There’s nothing complicated about it. No technology, no apps, and no trying to remember what you should be asking while standing at the roadside.

It’s just a simple, practical and physical tool that helps you stay organised in a situation that can otherwise feel overwhelming.

And please remember…

Menopause affects every woman differently, but if driving sometimes feels a little harder than it used to, please know that you’re not alone.

With a few small adjustments, a bit of support and some kindness towards yourself, most women continue to drive safely and confidently for many years. And sometimes the most important thing we can do is give ourselves permission to slow down when we need to.

If you’d like to know more about The Accident Pad, or you have a question, feel free to send me a message.

Take care, drive safely, and look after yourself.

Jenna x

Questions You Might Have About Menopause and Driving

Since sharing some of my experiences with perimenopause and driving, I’ve had quite a few conversations with other women who are going through similar things. It turns out many of us have the same questions, worries and little moments of uncertainty along the way.

So I thought it might be helpful to answer a few of the most common questions that tend to come up when menopause and driving are mentioned together. Hopefully they offer a bit of reassurance and remind you that you’re definitely not the only one navigating this stage of life.

Can menopause affect your ability to drive?

Menopause itself does not stop you from driving, but some symptoms can affect how comfortable or confident you feel behind the wheel. Brain fog, poor sleep, anxiety, hot flushes and occasional dizziness can make driving feel more tiring or stressful on certain days. Many women find that small adjustments, such as planning journeys and allowing extra time, can help maintain confidence.

Is brain fog during menopause dangerous when driving?

Brain fog is a common symptom of perimenopause and menopause. It can sometimes make concentration feel more difficult or cause mild forgetfulness. If you’re experiencing brain fog, it can help to reduce distractions in the car, allow plenty of travel time and use tools such as sat-nav so you can focus fully on the road.

What should I do if I feel dizzy while driving?

If you ever feel dizzy or light-headed while driving, the safest thing to do is pull over safely as soon as possible and take a moment until you feel steady again. If dizziness becomes frequent or severe, it’s important to speak with your GP to rule out underlying causes and get appropriate advice.

Can menopause cause anxiety while driving?

Yes, some women experience increased anxiety during perimenopause and menopause due to hormonal changes. This can sometimes affect driving confidence, particularly in busy traffic or unfamiliar places.

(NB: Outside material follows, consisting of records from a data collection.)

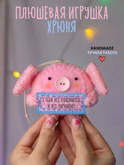 Плюшевый поросёнок игрушка ручной работы с надписью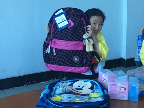 自强公司“彩虹在行动”的志愿者们,为小候鸟们送上提前准备好的彩虹书包、读本、文具、笔记本等学习用品。谈到开展此次活动的初衷,彩虹志愿者雷姐姐说:“那些孩子生在贫穷的小山村里,想天天上学,对于他们来说是一种奢望,即使上了学,也要用稚嫩的肩膀承担起比城里孩子更多的家庭重担。送些与学习有关的东西,就是希望他们能通过学习改变自己的人生轨迹,希望他们有彩虹的陪伴更坚定、更勇敢。”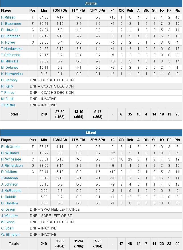 Miami, mené par un énorme Hassan Whiteside (19 points à 6/15 et 25 rebonds) et Josh Richardson (19 points), et privé de Goran Dragic, est revenu à 1 point à 13.6 secondes de la fin sur un 7-2 et une dernière claquette de Rodney McGruder. Kent Bazemore a répondu par deux lancers mans dans la foulée Richardson est monté au dunk, 91-90 Atlanta avec 11 secondes à jouer. Schröder a été envoyé sur la ligne et a rentré ses deux lancers, et derrière, sans temps mort, Dion Waiters a raté son shoot à 3-pts au buzzer.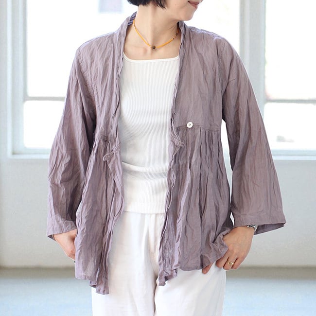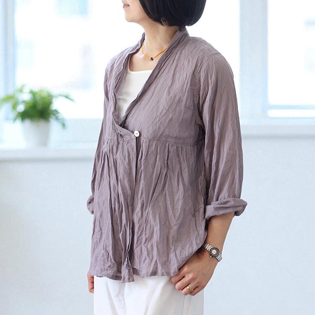 クリンクルコットンギャザーブラウスカーディガン【モーヴ】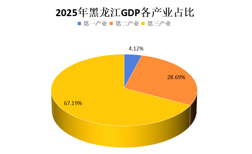 根据地区生产总值统一核算结果,黑龙江省2025年地区生产总值为16878.0亿元,按不变价格计算,同比增长4.2%。其中,第一产业增加值为3352.6亿元,同比增长3.5%;第二产业增加值为4008.8亿元,增长1.5%;第三产业增加值为9516.6亿元,增长5.5%。

Gradually rebuilding confidence, choosing quieter driving times and practising relaxation techniques can help reduce that anxiety over time.

Should I stop driving if menopause symptoms affect me?

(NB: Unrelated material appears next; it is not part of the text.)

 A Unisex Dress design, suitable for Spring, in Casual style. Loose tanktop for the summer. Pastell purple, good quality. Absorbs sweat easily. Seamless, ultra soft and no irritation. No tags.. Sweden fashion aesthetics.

Most women do not need to stop driving during menopause. Instead, it’s usually about making sensible adjustments that support your wellbeing. Taking breaks on longer journeys, driving at times when you feel most alert and making your car environment comfortable can all help maintain safe driving.

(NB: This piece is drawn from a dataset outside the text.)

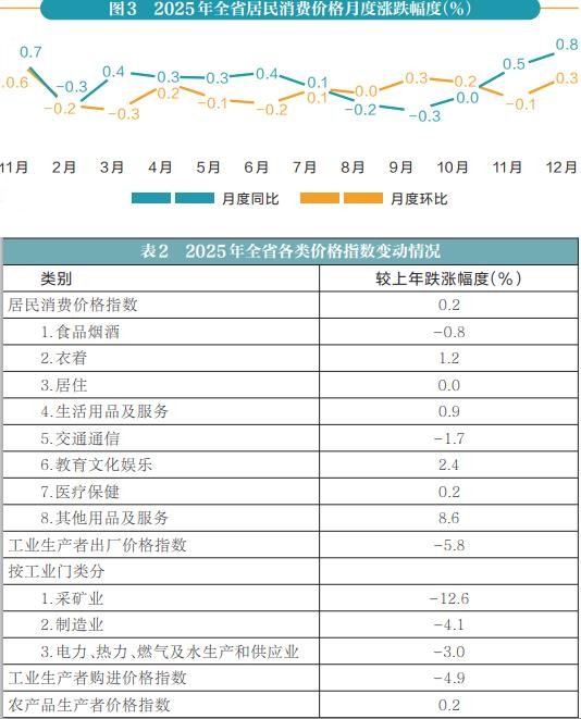 全年全省居民消费价格同比上涨0.2%。其中,城市上涨0.3%,农村下降0.1%;食品价格下降1.6%,非食品价格上涨0.6%;消费品价格下降0.2%,服务价格上涨0.8%。全年全省工业生产者出厂价格下降5.8%,工业生产者购进价格下降4.9%。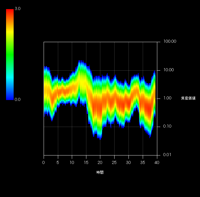 この海底山脈のような分布がリスクの時間変化を表します。MSCI JAPANの1969/12/31から2014/06/30までのMonthly/Gross時系列をベースとしています。5年間の年率リスクリターンから5年後の時間リスクの確率密度を求め、それを1ヶ月ずつ時間軸方向にずらして描画した474本(39.5年)のラスタースキャンです。ある時刻におけるスライス1枚1枚が確率密度に相当します。時間軸は1974/12/31をゼロとして年単位でスケールしています。

Can HRT help with menopause symptoms that affect driving?

Some women find that treatments such as hormone replacement therapy (HRT) can help reduce symptoms like brain fog, anxiety or poor sleep. If symptoms are affecting your daily life, including driving, it’s worth discussing options with your GP to find the best approach for you.

How can I stay organised if I’m involved in a car accident?

After a car accident it can be difficult to think clearly, particularly if you’re feeling shocked or overwhelmed. Keeping a simple accident information pad in your glovebox can help guide you through the details you need to collect, such as driver information, insurance details and witness contacts, without relying on memory in a stressful moment.